§ Instructions for the task
Each line of the data below between the one containing "Två flaskor Versace" and the one containing "Avrupa Yakası'nda Karadeniz", both included, is to be repeated exactly. Please omit pictures.

§ Data shown
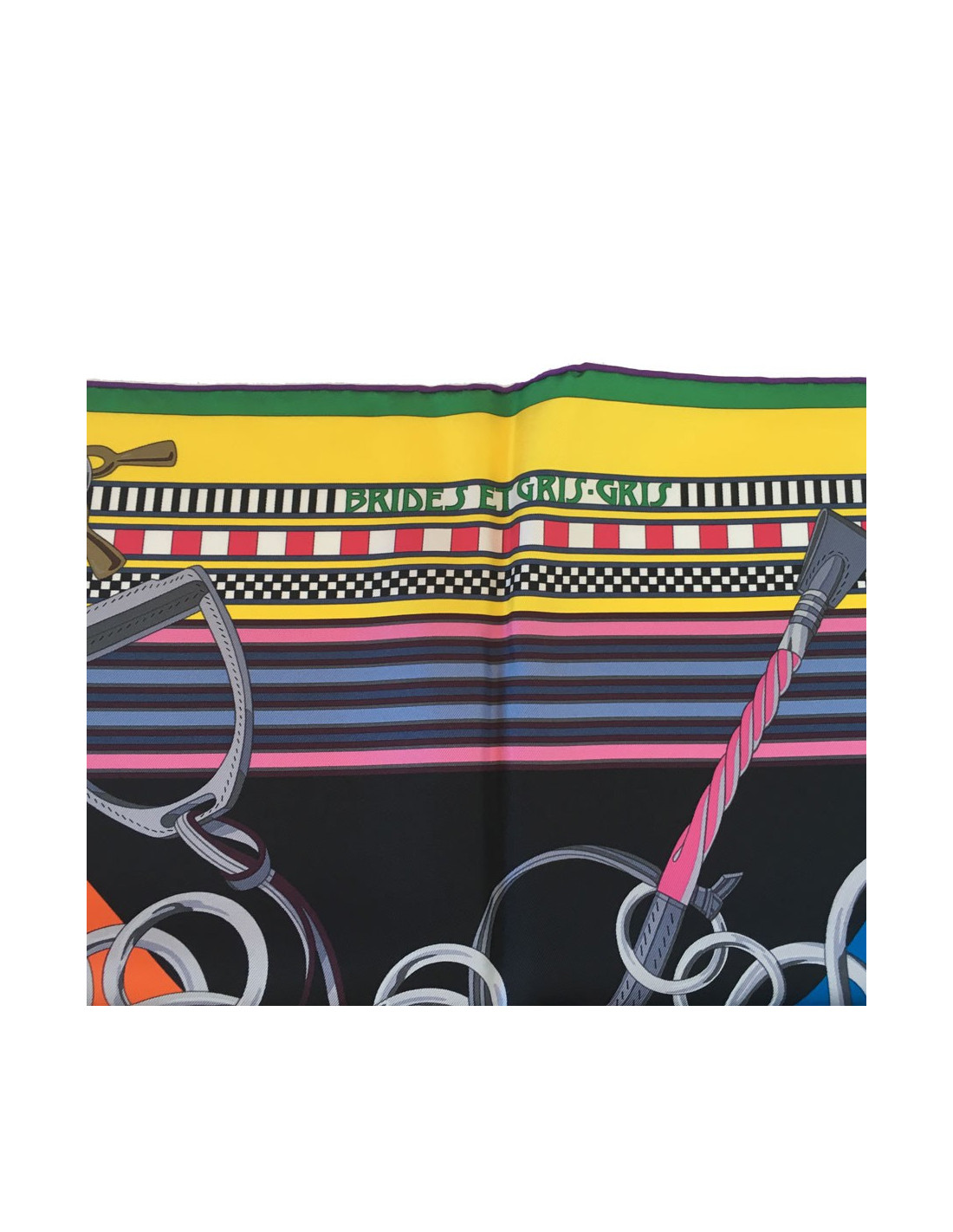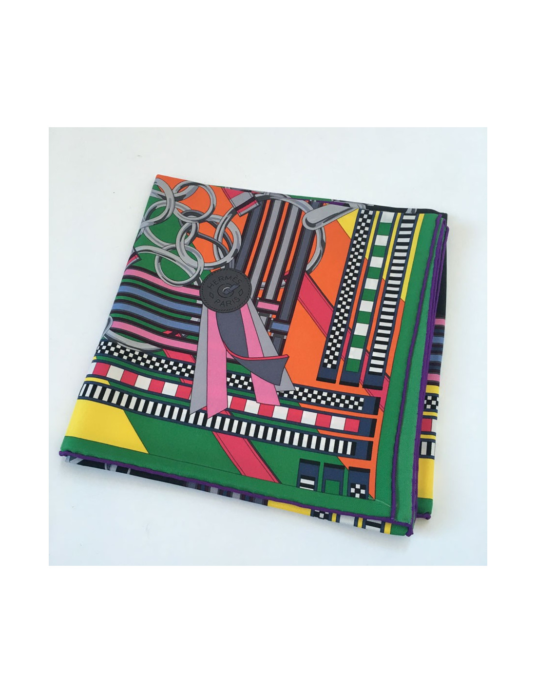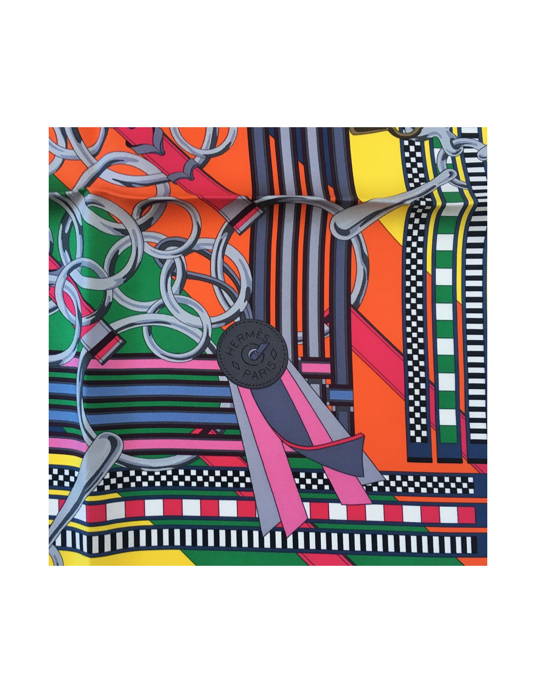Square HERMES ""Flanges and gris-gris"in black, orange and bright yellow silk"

* * *

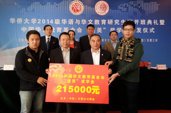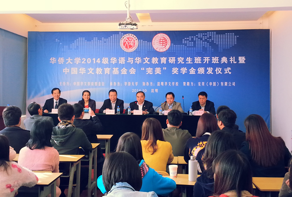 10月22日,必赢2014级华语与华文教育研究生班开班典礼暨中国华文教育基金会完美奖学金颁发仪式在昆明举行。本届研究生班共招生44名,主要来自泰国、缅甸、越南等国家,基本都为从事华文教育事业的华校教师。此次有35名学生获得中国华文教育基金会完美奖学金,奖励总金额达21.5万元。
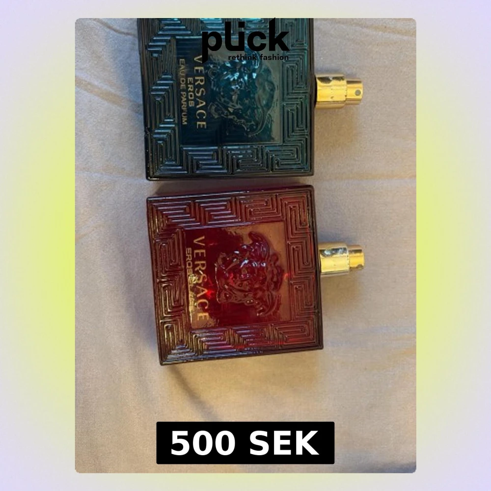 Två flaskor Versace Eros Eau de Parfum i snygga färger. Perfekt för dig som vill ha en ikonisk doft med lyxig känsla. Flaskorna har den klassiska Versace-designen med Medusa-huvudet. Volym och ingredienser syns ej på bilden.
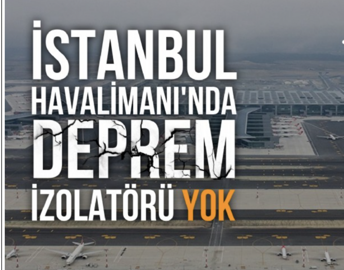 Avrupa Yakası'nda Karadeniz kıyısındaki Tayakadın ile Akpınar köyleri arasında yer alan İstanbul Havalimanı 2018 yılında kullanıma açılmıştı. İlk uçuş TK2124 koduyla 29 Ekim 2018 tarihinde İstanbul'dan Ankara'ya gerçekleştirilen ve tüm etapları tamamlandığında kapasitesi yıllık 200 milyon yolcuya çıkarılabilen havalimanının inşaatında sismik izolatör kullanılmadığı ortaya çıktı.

* * *

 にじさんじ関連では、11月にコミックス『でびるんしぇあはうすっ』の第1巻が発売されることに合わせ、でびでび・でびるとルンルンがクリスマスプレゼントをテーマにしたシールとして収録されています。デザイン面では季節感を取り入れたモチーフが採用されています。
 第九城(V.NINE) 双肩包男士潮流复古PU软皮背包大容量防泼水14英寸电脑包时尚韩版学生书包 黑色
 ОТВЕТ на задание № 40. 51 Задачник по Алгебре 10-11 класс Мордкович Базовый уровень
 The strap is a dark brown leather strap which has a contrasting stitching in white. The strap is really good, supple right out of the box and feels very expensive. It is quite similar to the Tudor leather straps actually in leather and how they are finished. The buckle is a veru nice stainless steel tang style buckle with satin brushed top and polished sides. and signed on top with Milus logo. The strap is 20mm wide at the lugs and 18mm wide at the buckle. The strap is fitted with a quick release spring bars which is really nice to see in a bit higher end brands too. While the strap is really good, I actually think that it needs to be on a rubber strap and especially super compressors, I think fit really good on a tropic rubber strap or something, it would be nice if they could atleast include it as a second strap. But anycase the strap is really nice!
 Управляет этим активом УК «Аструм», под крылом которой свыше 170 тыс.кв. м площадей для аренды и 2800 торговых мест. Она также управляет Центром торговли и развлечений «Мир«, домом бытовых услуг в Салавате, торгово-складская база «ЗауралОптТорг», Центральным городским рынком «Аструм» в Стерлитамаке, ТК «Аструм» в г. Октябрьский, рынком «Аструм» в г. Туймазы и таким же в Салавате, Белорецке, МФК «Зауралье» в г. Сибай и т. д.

§ Reply to the task
 Två flaskor Versace Eros Eau de Parfum i snygga färger. Perfekt för dig som vill ha en ikonisk doft med lyxig känsla. Flaskorna har den klassiska Versace-designen med Medusa-huvudet. Volym och ingredienser syns ej på bilden.
 Avrupa Yakası'nda Karadeniz kıyısındaki Tayakadın ile Akpınar köyleri arasında yer alan İstanbul Havalimanı 2018 yılında kullanıma açılmıştı. İlk uçuş TK2124 koduyla 29 Ekim 2018 tarihinde İstanbul'dan Ankara'ya gerçekleştirilen ve tüm etapları tamamlandığında kapasitesi yıllık 200 milyon yolcuya çıkarılabilen havalimanının inşaatında sismik izolatör kullanılmadığı ortaya çıktı.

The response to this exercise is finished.